The International Archives of the Photogrammetry, Remote Sensing and Spatial Information Sciences
Publications Copernicus
Download
Citation
Articles | Volume XL-4/W3
Int. Arch. Photogramm. Remote Sens. Spatial Inf. Sci., XL-4/W3, 63–69, 2013
https://doi.org/10.5194/isprsarchives-XL-4-W3-63-2013
Int. Arch. Photogramm. Remote Sens. Spatial Inf.

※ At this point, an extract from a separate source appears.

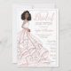 Herrliche Glam Braut in Hochzeitskleid Braudusche Einladung.
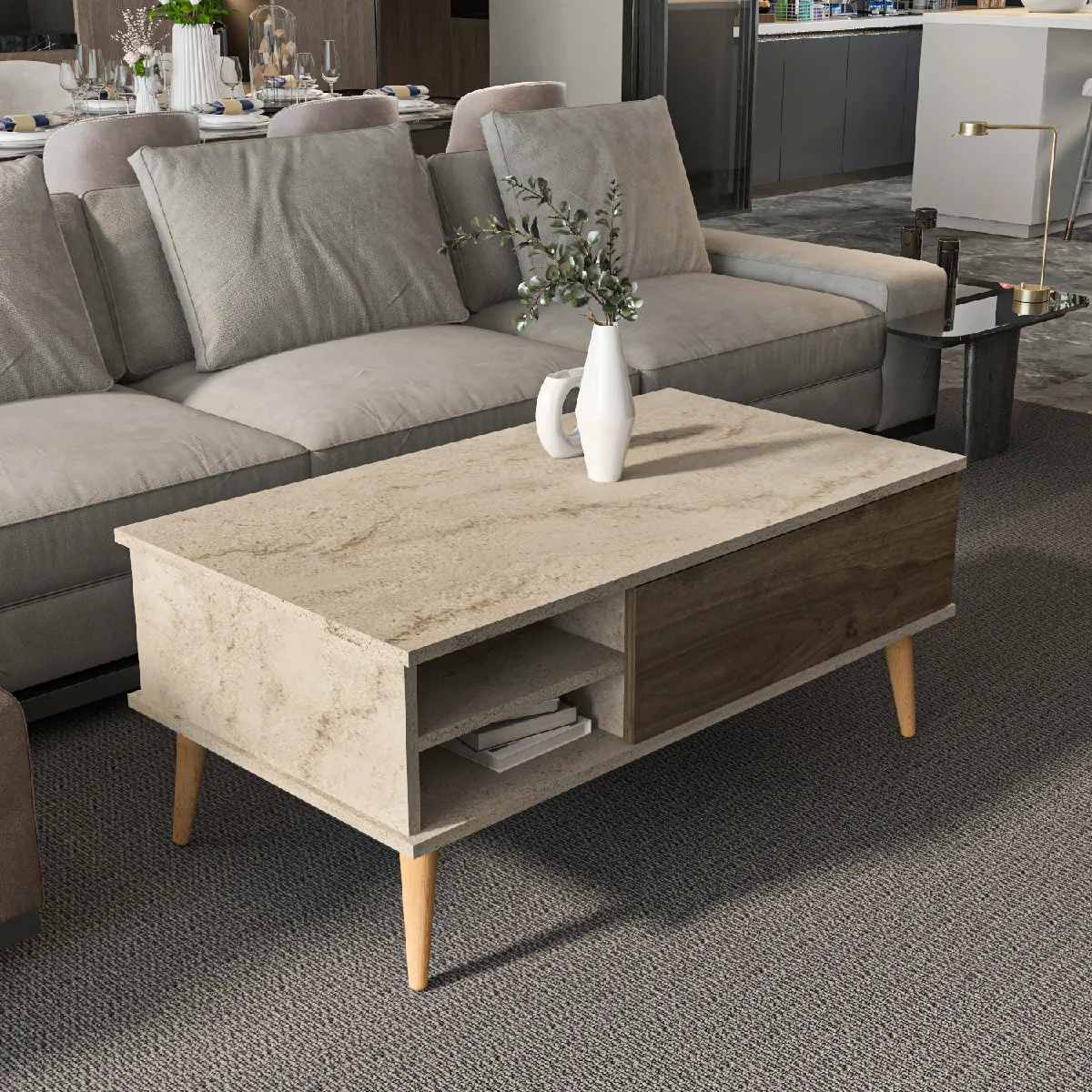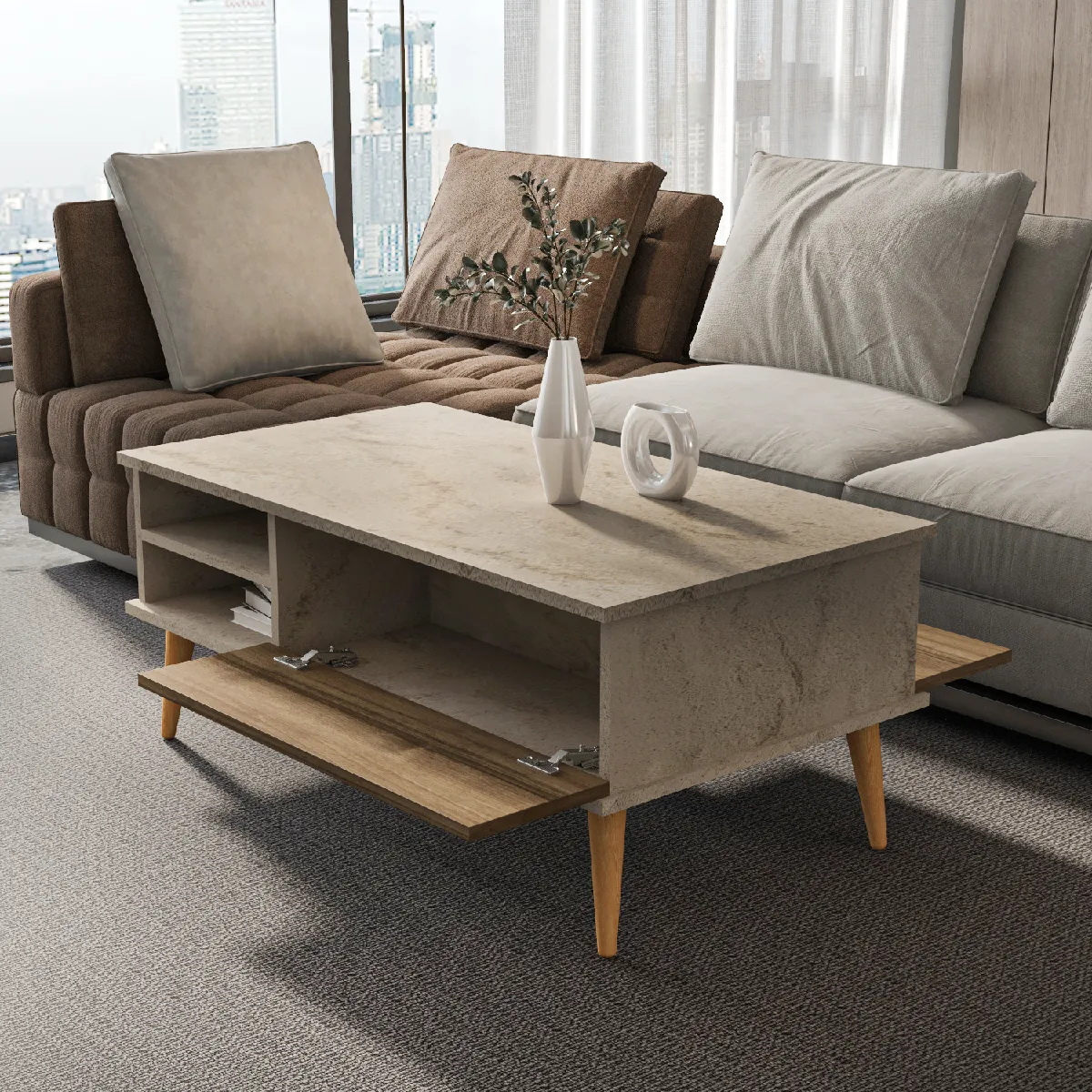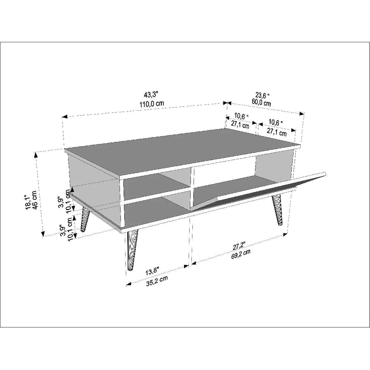 Table basse avec niches et armoires - Pieds en MDF - Bois d'ingénierie 18 mm - Noir et Alina

Sci., XL-4/W3, 63–69, 2013
https://doi.org/10.5194/isprsarchives-XL-4-W3-63-2013

  13 Nov 2013

13 Nov 2013

Key Spatial Relations-based Focused Crawling (KSRs-FC) for Borderlands Situation Analysis

D. Y. Hou1,2, H. Wu2, J. Chen2, and R. Li2 D. Y. Hou et al.
  • 1School of Environment Science and Spatial Informatics , China University of Mining and Technology, Xuzhou,Jiangsu,221116, China
  • 2National Geomatics Center of China, 28 Lianhuachi West Road, Beijing 100830, China

Keywords: Focused Crawling, Place Names, Web Information Collection, Borderlands Situation Analysis, Relevance Calculation, Spatial Relations

Abstract. Place names play an important role in Borderlands Situation topics, while current focused crawling methods treat them in the same way as other common keywords, which may lead to the omission of many useful web pages. In the paper, place names in web pages and their spatial relations were firstly discussed. Then, a focused crawling method named KSRs-FC was proposed to deal with the collection of situation information about borderlands. In this method, place names and common keywords were represented separately, and some of the spatial relations related to web pages crawling were used in the relevance calculation between the given topic and web pages. Furthermore, an information collection system for borderlands situation analysis was developed based on KSRs-FC. Finally, F-Score method was adopted to quantitatively evaluate this method by comparing with traditional method. Experimental results showed that the F-Score value of the proposed method increased by 11% compared to traditional method with the same sample data. Obviously, KSRs-FC method can effectively reduce the misjudgement of relevant webpages.